↓
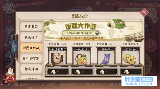 活动:每天完成指定任务收集饭团,饭团可兑换山童三日契约、金币等奖励。
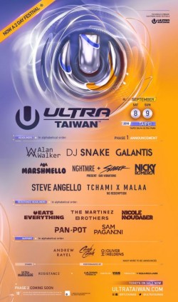 Spunite上週公布Road to UltraTaiwan(RTU)將在今年正式升級為ULTRA Taiwan後,立刻掀起網民們討論熱潮,在眾多電音迷瘋狂敲碗詢問之下,Spunite於26日公布ULTRA Taiwan 2018第一波出演陣容,EDM大批神人們即將強勢攻台!為讓台灣的電音子民們享受EDM的最頂級音樂饗宴,UMF官方特地不僅誠意十足邀請百大DJ們,DJ Snake、Marshmello、Alan Walker等電音大咖,攜帶EDM各方人馬準備攻下ULTRA Taiwan舞台,UMF更為今年首次在台現身的RESISTANCE,獻上ULTRA Miami RESISTANCE御用DJ,The Martinez Brothers、Eats Everything、Nicole Moudaber三位TECHNO大佬齊聚一堂,電音重拍強打台灣樂迷。ULTRA Taiwan 2018將於9月8及9日在大佳河濱公園,征服全台電音迷!詳情請參考:https://ultrataiwan.com/
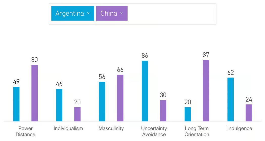 文化维度代表了区分国家(而不是个人)的文化倾向。各个维度上的国家/地区得分是相对的,因为我们都是人类,同时我们都是独一无二的。换句话说,文化只有通过比较才能被有意义地利用。
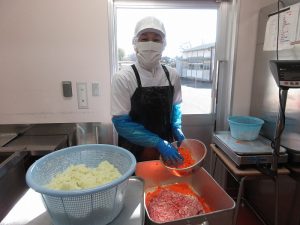「ハンバーグ」の具材を合わせて、よくこねます。
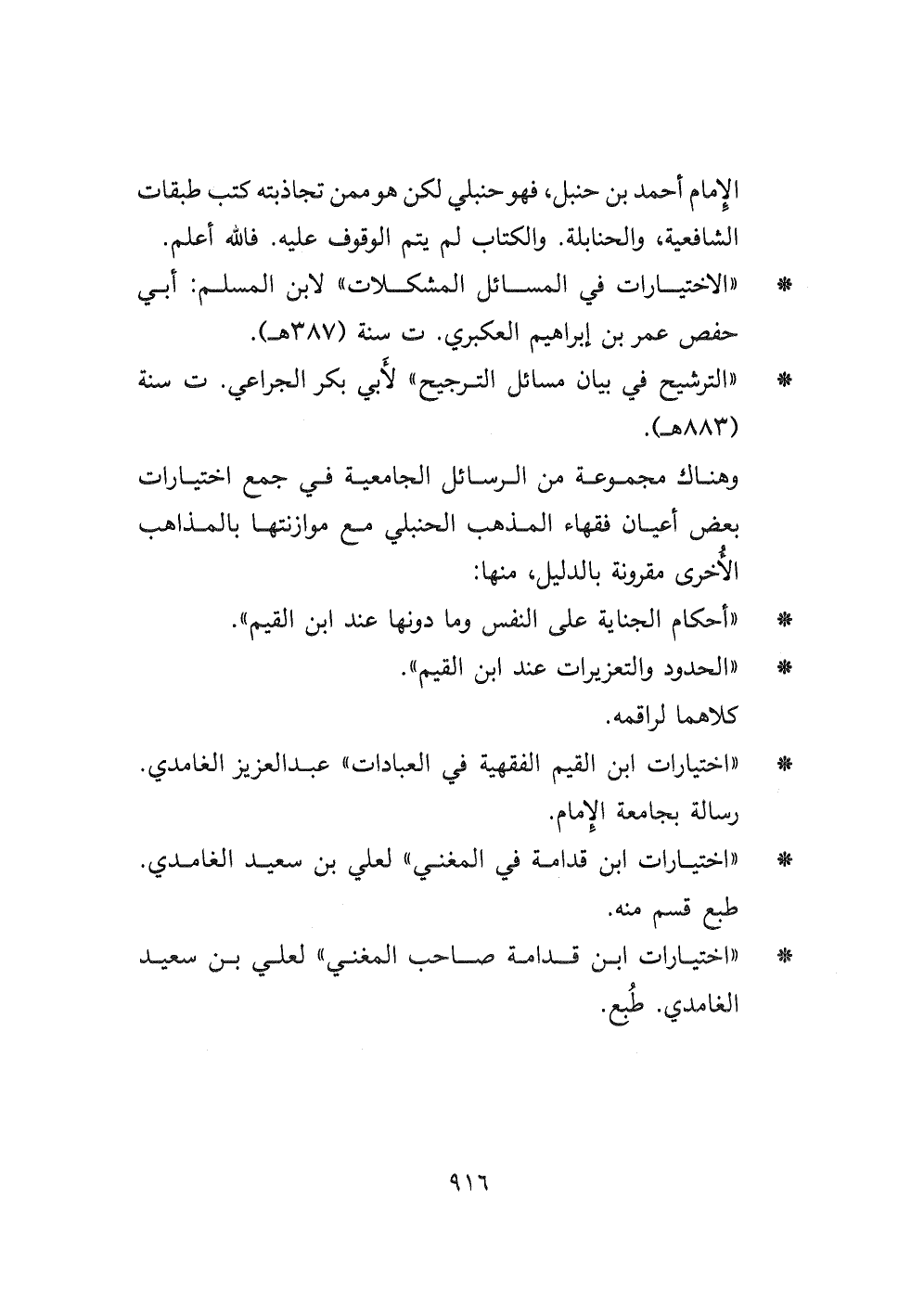 - " اختيارات ابن قدامة صاحب المغني " لعلي بن سعيد الغامدي. طبع.
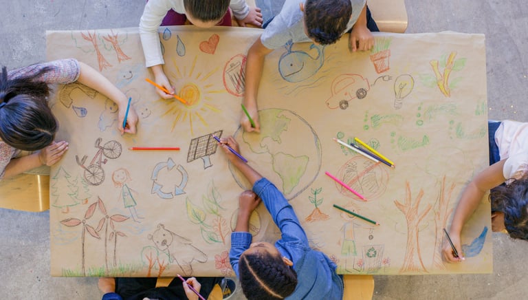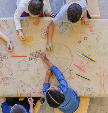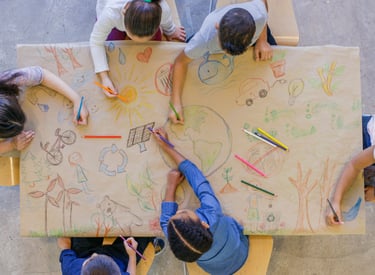 Un atelier créatif où les enfants colorient ensemble une grande fresque pour créer une œuvre commune et partager un moment convivial.
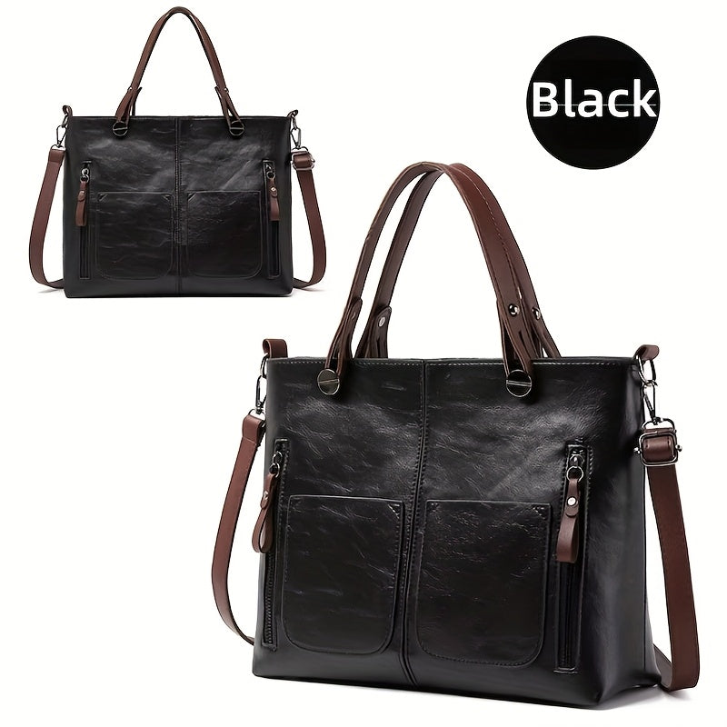 Black PU Shoulder Bag with Detachable Adjustable Strap for Business and Daily Use
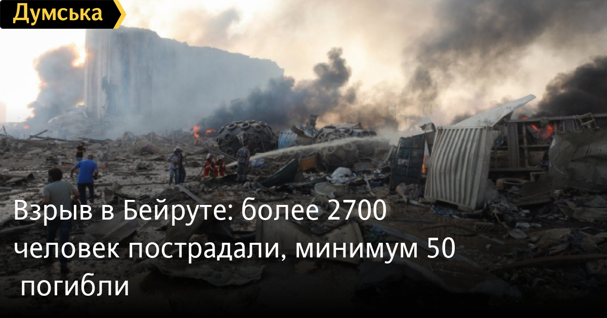 От сегодняшнего взрыва в порту Бейрута пострадали более 2750 человек и минимум 50 сейчас числятся погибшими. Об этом сообщают местные СМИ. Причина взрыва остается неизвестной. Рассматриваются разные версии — от военного нападения одной из соседних стран до взрыва нитрата натрия. Официально пока власти не говорят, что стало причиной трагедии. Завтрашний день объявлен в Ливане – днем траура. Местные СМИ сообщают о проблемах с интернетом. Более 30 команд Красного Креста и ливанская армия работают на месте трагедии. Отмечается, что волна от взрыва в Бейруте дошла до Кипра, который расположен в 250 км от столицы Ливана. СМЕРТЬ РОССИЙСКИМ ОККУПАНТАМ! Заметили ошибку? Выделяйте слова с ошибкой и нажимайте control-enter |
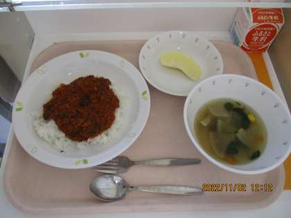 ミートライス 牛乳 大根とコーンのスープ りんご
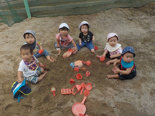 2019年08月07日 おーい! 0歳児 はな 部屋から砂場に移動してきたところ… 気が付けばみんな近くで半円になって遊んでいました。 あまりの可愛さに「おーい」と支援センターの職員が叫ぶと”え?”とこっちを向いたのでパチリ。 ”誰?”と不思議な表情のこどもたちです。 一覧へ戻る
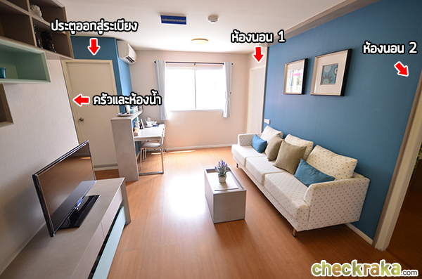 โซนรับแขกกว้างขวางมากค่ะ ห้องนอนจะอยู่ทางขวามือทั้ง 2 ห้อง
↑
## Exercise requirements
Pictures aside, restate all of the entries exactly.

## Answer for this exercise
 活动:每天完成指定任务收集饭团,饭团可兑换山童三日契约、金币等奖励。
 Spunite上週公布Road to UltraTaiwan(RTU)將在今年正式升級為ULTRA Taiwan後,立刻掀起網民們討論熱潮,在眾多電音迷瘋狂敲碗詢問之下,Spunite於26日公布ULTRA Taiwan 2018第一波出演陣容,EDM大批神人們即將強勢攻台!為讓台灣的電音子民們享受EDM的最頂級音樂饗宴,UMF官方特地不僅誠意十足邀請百大DJ們,DJ Snake、Marshmello、Alan Walker等電音大咖,攜帶EDM各方人馬準備攻下ULTRA Taiwan舞台,UMF更為今年首次在台現身的RESISTANCE,獻上ULTRA Miami RESISTANCE御用DJ,The Martinez Brothers、Eats Everything、Nicole Moudaber三位TECHNO大佬齊聚一堂,電音重拍強打台灣樂迷。ULTRA Taiwan 2018將於9月8及9日在大佳河濱公園,征服全台電音迷!詳情請參考:https://ultrataiwan.com/
 文化维度代表了区分国家(而不是个人)的文化倾向。各个维度上的国家/地区得分是相对的,因为我们都是人类,同时我们都是独一无二的。换句话说,文化只有通过比较才能被有意义地利用。
「ハンバーグ」の具材を合わせて、よくこねます。
 - " اختيارات ابن قدامة صاحب المغني " لعلي بن سعيد الغامدي. طبع.
 Un atelier créatif où les enfants colorient ensemble une grande fresque pour créer une œuvre commune et partager un moment convivial.
 Black PU Shoulder Bag with Detachable Adjustable Strap for Business and Daily Use
 От сегодняшнего взрыва в порту Бейрута пострадали более 2750 человек и минимум 50 сейчас числятся погибшими. Об этом сообщают местные СМИ. Причина взрыва остается неизвестной. Рассматриваются разные версии — от военного нападения одной из соседних стран до взрыва нитрата натрия. Официально пока власти не говорят, что стало причиной трагедии. Завтрашний день объявлен в Ливане – днем траура. Местные СМИ сообщают о проблемах с интернетом. Более 30 команд Красного Креста и ливанская армия работают на месте трагедии. Отмечается, что волна от взрыва в Бейруте дошла до Кипра, который расположен в 250 км от столицы Ливана. СМЕРТЬ РОССИЙСКИМ ОККУПАНТАМ! Заметили ошибку? Выделяйте слова с ошибкой и нажимайте control-enter |
 ミートライス 牛乳 大根とコーンのスープ りんご
 2019年08月07日 おーい! 0歳児 はな 部屋から砂場に移動してきたところ… 気が付けばみんな近くで半円になって遊んでいました。 あまりの可愛さに「おーい」と支援センターの職員が叫ぶと”え?”とこっちを向いたのでパチリ。 ”誰?”と不思議な表情のこどもたちです。 一覧へ戻る
 โซนรับแขกกว้างขวางมากค่ะ ห้องนอนจะอยู่ทางขวามือทั้ง 2 ห้อง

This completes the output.